Studies of cardiac-specific ERRα and ERRγ knockouts provided evidence for the critical function played by these orphan nuclear receptors in cardiac maturation. A series of cardiac-specific ERR loss-of-function mice were generated, and the results of these studies illuminated the partially redundant roles of ERRα and ERRγ in heart, as well as the importance of the cooperative function of the two nuclear receptors in postnatal energetic, structural, and contractile cardiac maturation. Whereas cardiac-specific targeting of either ERRα or ERRγ alone does not result in a phenotype at baseline, prenatal ERRα/γ KO achieved with an Nkx2–5-Cre recombinase driver results in a cardiomyopathy with non-compacted ventricles and death right after birth [9, 157]. In order to probe the role of ERRα/γ signaling in cardiac maturation following birth, temporally-controlled postnatal ERRα/γ knockdown (KD) in mouse heart was achieved by injection of AAV9 expressing Cre in a cardiac selective manner into mice with LoxP sites integrated into both the Esrra and Esrrg loci [9]. Postnatal cardiac targeting of ERRα and ERRγ results in a multitude of cardiac immaturity signatures including abnormal mitochondrial morphology, and a broad gene expression pattern indicative of a block in postnatal maturation including reduced expression of a wide array of genes involved in mitochondrial energy metabolism including FAO, adult-type sarcomere gene isoform expression, and increased fetal-type sarcomere gene expression [9, 158]. Specifically, postnatal loss of ERRα/γ leads to decreased expression of Tnni3, Myh6, and Myl2 in addition to a global reduction in genes involved in energy transduction, and increased expression of fetal isoform sarcomeric genes including Tnni1, Myl7, and Myh7 [9, 158]. Whole genome ChIP-seq studies with hiPSC-CMs confirmed that ERRγ directly occupies promoter and enhancer regions of both energy metabolic and adult cardiac-specific sarcomeric and ion channel genes confirming that this broad coordinate regulation is mediated by ERRs. Additionally, ERRs were shown to functionally and physically cooperate with GATA4 in the control of adult-isoform contractile genes such as TNNI3 and MYH7 expression levels in hiPSC-CMs [159].

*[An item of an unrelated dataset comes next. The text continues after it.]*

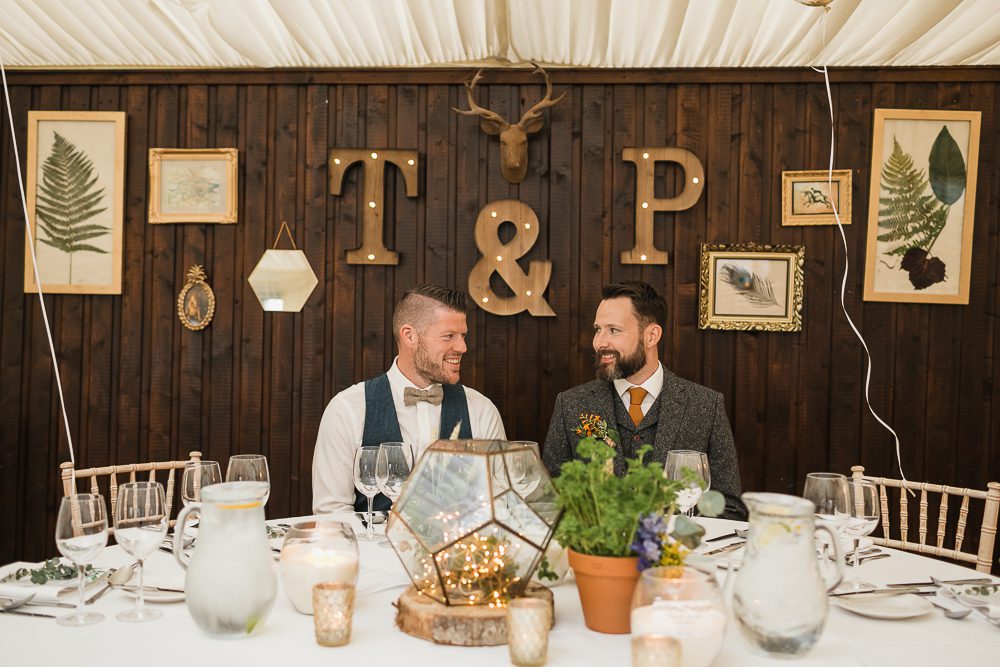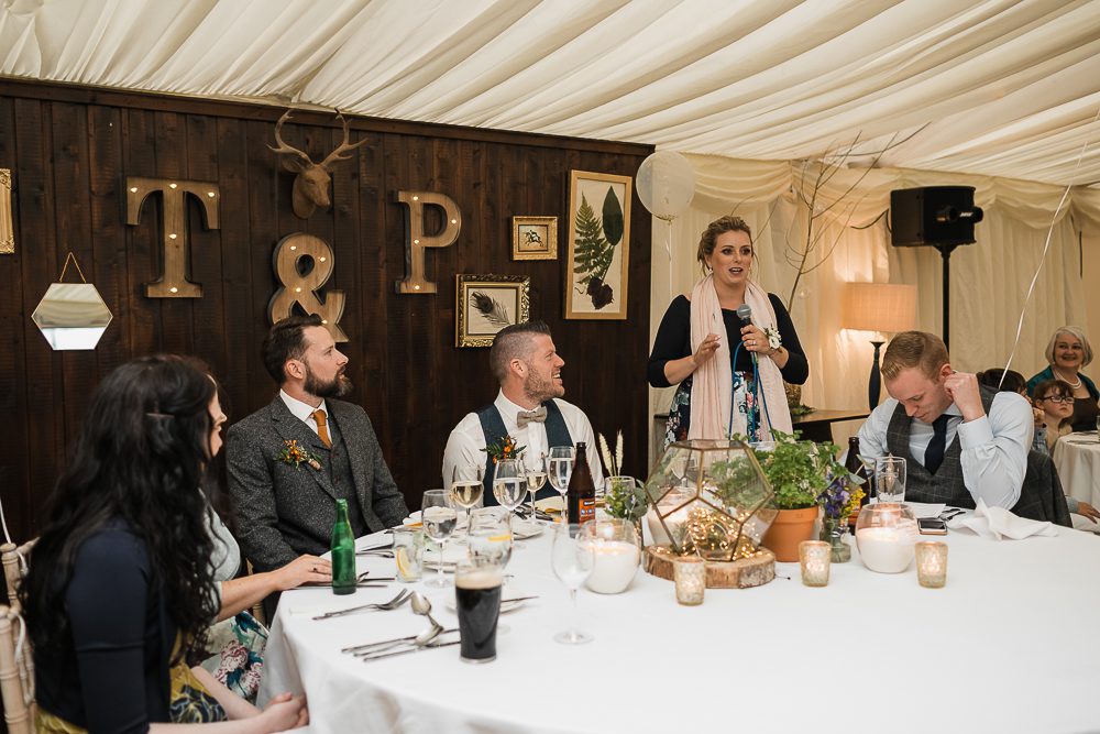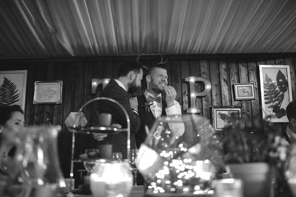 We had a humanist ceremony in the Hotel marquee. Our celebrant Dara was great to deal with and allowed us to make the ceremony our own. We had readings from TJ’s sister, Elaine, and Pete’s brother, Robert. It turned out to be a very emotional ceremony, which was not what we expected. We also incorporated a tree potting in to the ceremony. Our mothers both brought a pot of soil from their gardens. They added this together around the roots of a small apple tree, which we will plant on in years to come. It made the occasion really special and lots of people commented on how lovely it was.

The cardiac actions of ERRβ, another member of the ERR family, were also investigated using mouse loss-of-function approaches. Cardiac-specific ERRβ knockout mice develop dilated cardiomyopathy with aging [160]. Notably, ERRβ deficiency in mouse hearts at 6 months of age leads to minimal changes in many known ERR target genes, particularly those related to OXPHOS [160]. Interestingly, the perinatal hearts of ERRα/γ knockout mice at E17.5 exhibit a significant induction of Esrrb, the gene coding for ERRβ [9]. However, this induction does not rescue the phenotypes resulting from the cardiac loss of ERRα/γ, indicating distinct functions of ERRβ compared to ERRα and ERRγ in the CM [9].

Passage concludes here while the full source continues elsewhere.